Nine years ago, the Federal Aviation Administration held three public hearings to gather views on a new runway plan for O’Hare Airport, but it held no hearings where it mattered most — towns about to get hit with greater jet noise.
But it is not too late.
New runways have been built and others are coming by 2020, meaning more planes will be flying in and out of O’Hare, but flight patterns can always be changed. The FAA and Chicago have an obligation, having fallen short in 2005, to hold a hearing on the current state of airport noise.
Big towns need big airports, and big airports make big noise. People will always be unhappy. But the Fair Allocation in Runways coalition has offered suggestions for minimizing the impact of noise — or spreading the pain — that deserve consideration:
◆ Alternate the use of runways and flight paths from night to night. Right now, for example, runway 27L (parallel to Thorndale Avenue) gets all night arrivals whenever there is a west wind, which is about 70 percent of the time. This remedy, though, begs another question: Is spreading the pain really a better way to go?
◆ Require plans to make steeper ascents and declines so the noise extends out as little as possible. This, though, would increase airline fuel costs.
◆ Give a noise monitor to all homeowners who request one, so that they can measure for themselves whether their noise is at soundproofing levels.
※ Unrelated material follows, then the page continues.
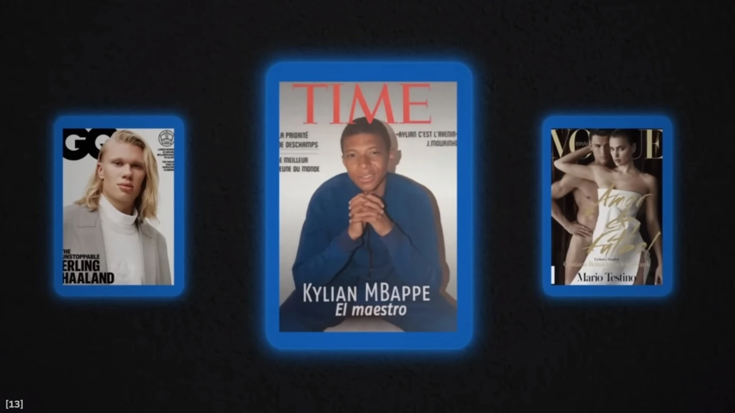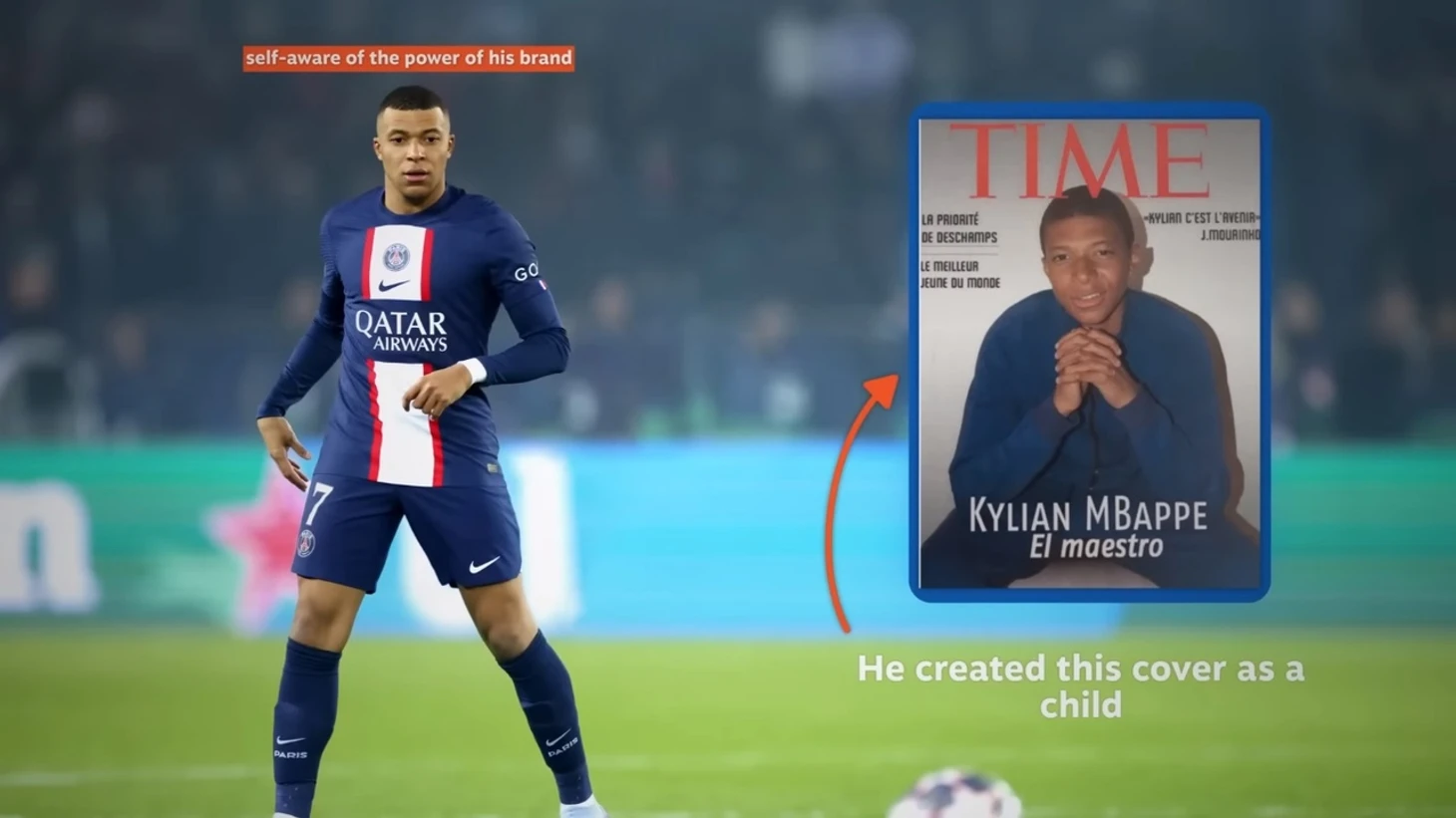 В 15 лет Мбаппе и его одноклассникам по академии «Монако» было предложено создать обложку журнала с собственным изображением. Вместо того чтобы изобразить себя на обложке журнала «GQ» или «Vogue», как это сделали многие его одноклассники, Мбаппе создал макет обложки журнала «TIME». Заголовок, набранный жирным белым шрифтом, гласил «El maestro». Четыре года спустя он появился на обложке настоящего журнала «TIME» ...

U.S. Rep. Mike Quigley, as reported by Rosalind Rossi of the Sun-Times on Monday, is sending a letter to the FAA asking why the community-input process has been inadequate. The 2005 public hearings probably should have been held closer to the communities likely to get hit hardest, Quigley argues. If not, he says, the outreach beforehand — to make sure the folks affected most showed up — should have been better. And when the hearings were poorly attended, Quigley says, the FAA should have asked why.
In the meantime, we see no reason the FAA can’t hold another public hearing — in the right place — right now.